───── Task material ─────
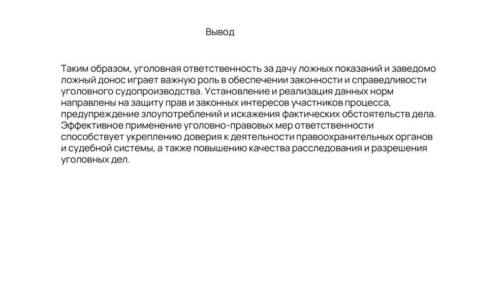 ВыводТаким образом, уголовная ответственность за дачу ложных показаний и заведомо
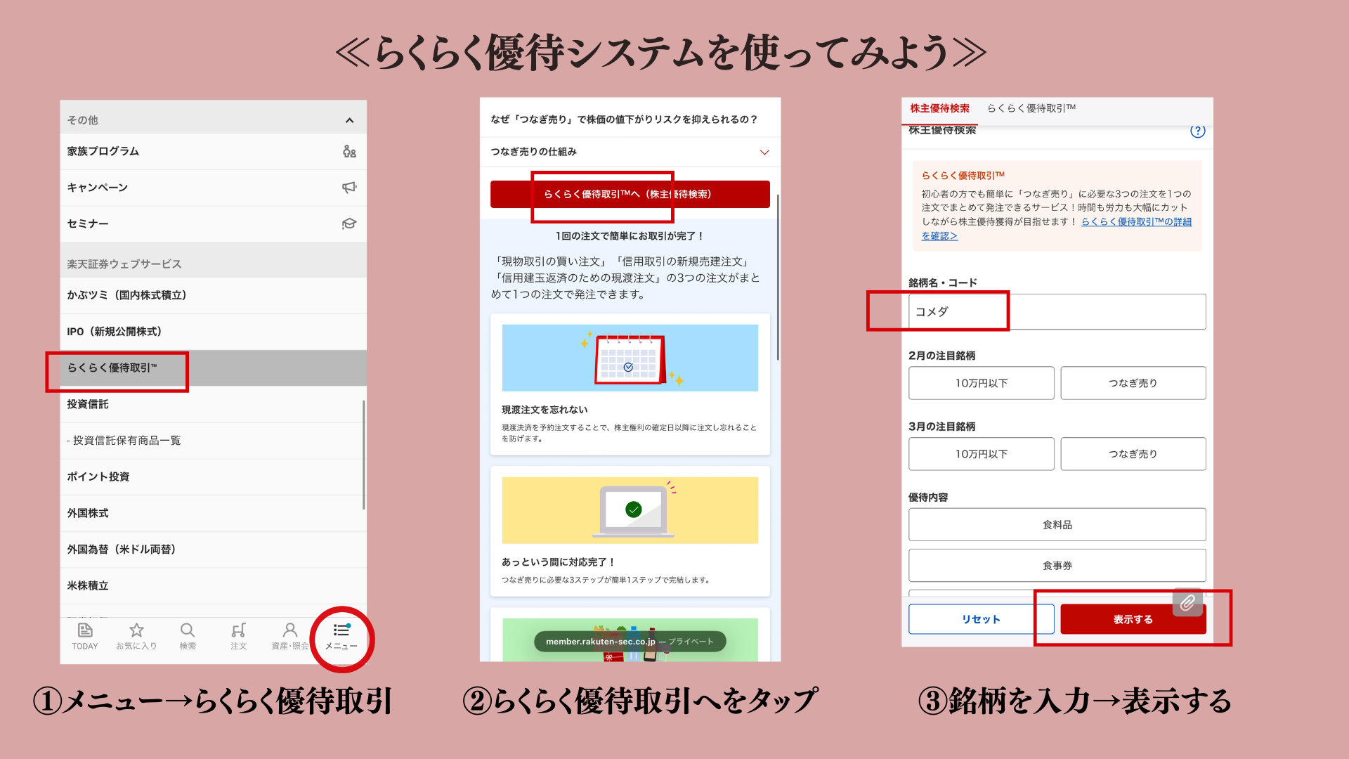 らくらく優待システムは株主優待を株価の変動リスクを気にすることなく、数百円の手数料でGETできる『クロス取引(つなぎ売り)』を、最小限のボタン操作で行える画期的なサービスです。
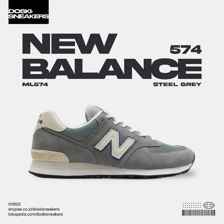 New Balance ML574 574 Steel Grey Original BNIB Sneakers Casual Pria Wanita Sepatu Ori Murah Sepatu Sneakers
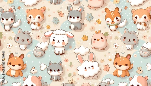 Soft colored cartoon animal design in whimsical and charming repeating wallpaper pattern
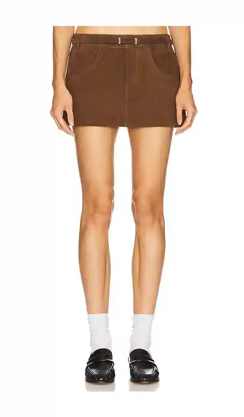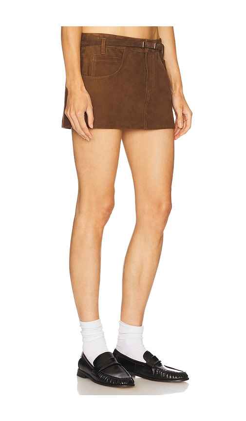 LAMARQUE x REVOLVE Amara Skirt in Brown. - size L (also in M, S, XS) LAMARQUE x REVOLVE Amara Skirt in Brown. - size L (also in M, S, XS) Self: 100% goat suede Lining: 97% polyester 3% spandex. Professional leather clean only. Fully lined. Zip fly with double hook and bar closure. Detachable belt wi...more
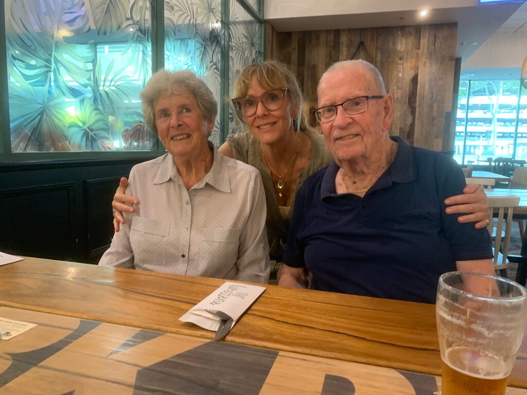 Joan and Roger joined by Lee, their daughter.
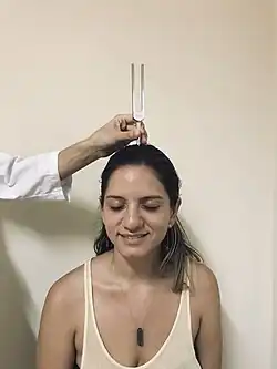 Em uma audição normal, o som e a vibração é percebido no meio da testa. Caso lateralize, é indicativo de perda auditiva.[5]
─────
Task statement> Restate the entries above word for word, keeping pictures out of the copy.

Solution to the problem>
 ВыводТаким образом, уголовная ответственность за дачу ложных показаний и заведомо
 らくらく優待システムは株主優待を株価の変動リスクを気にすることなく、数百円の手数料でGETできる『クロス取引(つなぎ売り)』を、最小限のボタン操作で行える画期的なサービスです。
 New Balance ML574 574 Steel Grey Original BNIB Sneakers Casual Pria Wanita Sepatu Ori Murah Sepatu Sneakers
 Soft colored cartoon animal design in whimsical and charming repeating wallpaper pattern
 LAMARQUE x REVOLVE Amara Skirt in Brown. - size L (also in M, S, XS) LAMARQUE x REVOLVE Amara Skirt in Brown. - size L (also in M, S, XS) Self: 100% goat suede Lining: 97% polyester 3% spandex. Professional leather clean only. Fully lined. Zip fly with double hook and bar closure. Detachable belt wi...more
 Joan and Roger joined by Lee, their daughter.
 Em uma audição normal, o som e a vibração é percebido no meio da testa. Caso lateralize, é indicativo de perda auditiva.[5]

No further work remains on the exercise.